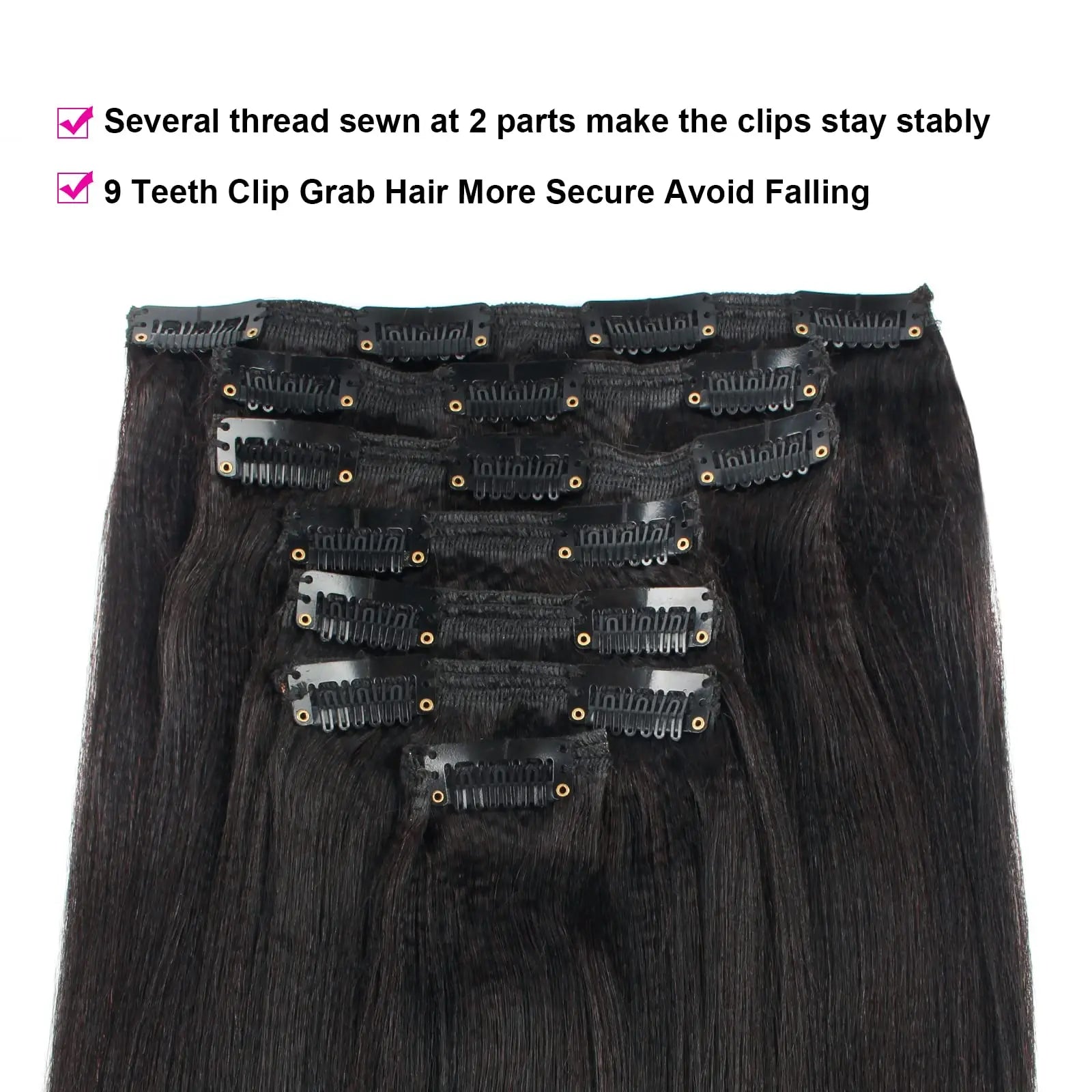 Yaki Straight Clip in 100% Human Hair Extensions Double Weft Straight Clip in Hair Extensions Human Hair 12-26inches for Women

* * *

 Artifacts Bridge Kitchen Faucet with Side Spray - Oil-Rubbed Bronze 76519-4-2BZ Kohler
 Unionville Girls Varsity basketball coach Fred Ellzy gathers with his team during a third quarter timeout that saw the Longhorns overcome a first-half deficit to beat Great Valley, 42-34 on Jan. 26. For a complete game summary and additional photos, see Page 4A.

What to work on
The word to find is "with". Copy every line of the records that holds it.

Response for this exercise
 Artifacts Bridge Kitchen Faucet with Side Spray - Oil-Rubbed Bronze 76519-4-2BZ Kohler
 Unionville Girls Varsity basketball coach Fred Ellzy gathers with his team during a third quarter timeout that saw the Longhorns overcome a first-half deficit to beat Great Valley, 42-34 on Jan. 26. For a complete game summary and additional photos, see Page 4A.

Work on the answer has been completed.